At today’s two-week follow-up, the doctor asked me what the hardest part of the whole surgery experience was. Without hesitation: the time in the hospital. I was pretty lucky to have a half-occupied double room with a glorious view of Seattle and Mt. Rainier, but it was a very noisy, disruptive environment. I knew this going in, and was thus motivated to get up and walk around to demonstrate that I’d be okay enough going home, where I could actually rest. When they moved the second patient in, I was doubleplusmotivated to not endure another 24-hours of extra interruptions, translator, or the dude’s wife’s ultra-obnoxious ringtone jacked up at full volume. I wouldn’t want to spend a few days (as would have occurred with an open.)
great summary. love those Foley catheters. *shudder*.
Fun read on a not so fun experience. As much as I enjoyed our ‘pain scale 2’ I’m glad I wasn’t with you for the others. Haha. My top pain was after my first ACL reconstruction. I remember thinking that there could be a parade of nude women in front of me and I wouldn’t notice. My brain was overloaded, I couldn’t think about anything except the pain. Eventually a nurse (presumably fully clothed but what do I know?) came up and asked how i was doing and I struggled to say “My knee hurts.” Obviously I must have looked bad as she came back right away and gave me a shot of morphine in the butt. The whole thing was repeated 3 times but the last time she gave me Demerol and then I feel asleep, woke up a few hours later as if nothing had happened. Get better, we miss you!
Descriptions of medical procedures are cringe-worthy unless you’re the one needing them. When you need them yourself, you tend to not care what they do to you or how. “You wanna put a blow torch where? OK!” Plus they tend to give you good drugs. The vicodin for my back certainly put the kibosh on my generally free-flowing #2.
Good luck with the -oma.
Thanks, guys.
@Phil – I am looking forward to our next hike!

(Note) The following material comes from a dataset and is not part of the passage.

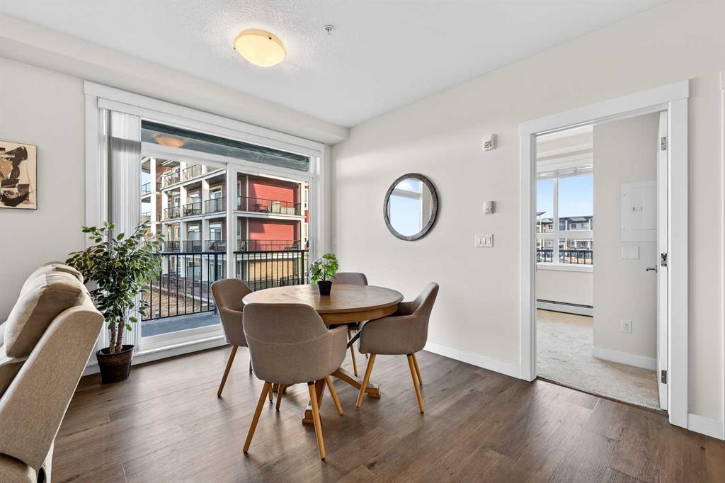 Welcome to this immaculate corner unit featuring TWO TITLED PARKING STALLS (one above ground and the other in the parkade). As you enter, you’re greeted by 9-foot ceilings, an abundance of natural light and a bright open-concept layout with durable luxury vinyl plank flooring throughout the main living space. The modern kitchen showcases modern shaker-style cabinetry with soft close drawers, quartz countertops, upgraded stainless steel appliances with a Samsung French-door refrigerator with ice maker, a sleek chimney hood fan, and a stunning marble herringbone tile backsplash. The extended island provides ample seating and is complemented by stylish pendant lighting, while a convenient pantry with built-in microwave adds extra functionality. The spacious primary bedroom features a walkthrough closet leading to a private ensuite with dual vanities. A second bedroom and full four-piece bathroom offer flexibility for guests, family, or a home office. Step outside to enjoy the generous wrap-around corner balcony complete with a BBQ gas line—perfect for entertaining or relaxing. Ideally located minutes from shopping, dining, and everyday amenities, with easy access to Macleod Trail for a quick commute. Don’t miss this exceptional opportunity—call your favourite realtor to book your private showing today.

@John – that was how I felt when this whole ordeal started back in November. Not having the immediacy has necessitated my needing more information to understand what’s going on. I hope to be back to snarky comments about other things soon.
Surely you’ve seen the pain scale over at Hyperbole and a Half: http://hyperboleandahalf.blogspot.com/2010/02/boyfriend-doesnt-have-ebola-probably.html
Claire – I hadn’t seen that before, but it that correlates very well with my experience. Thank you!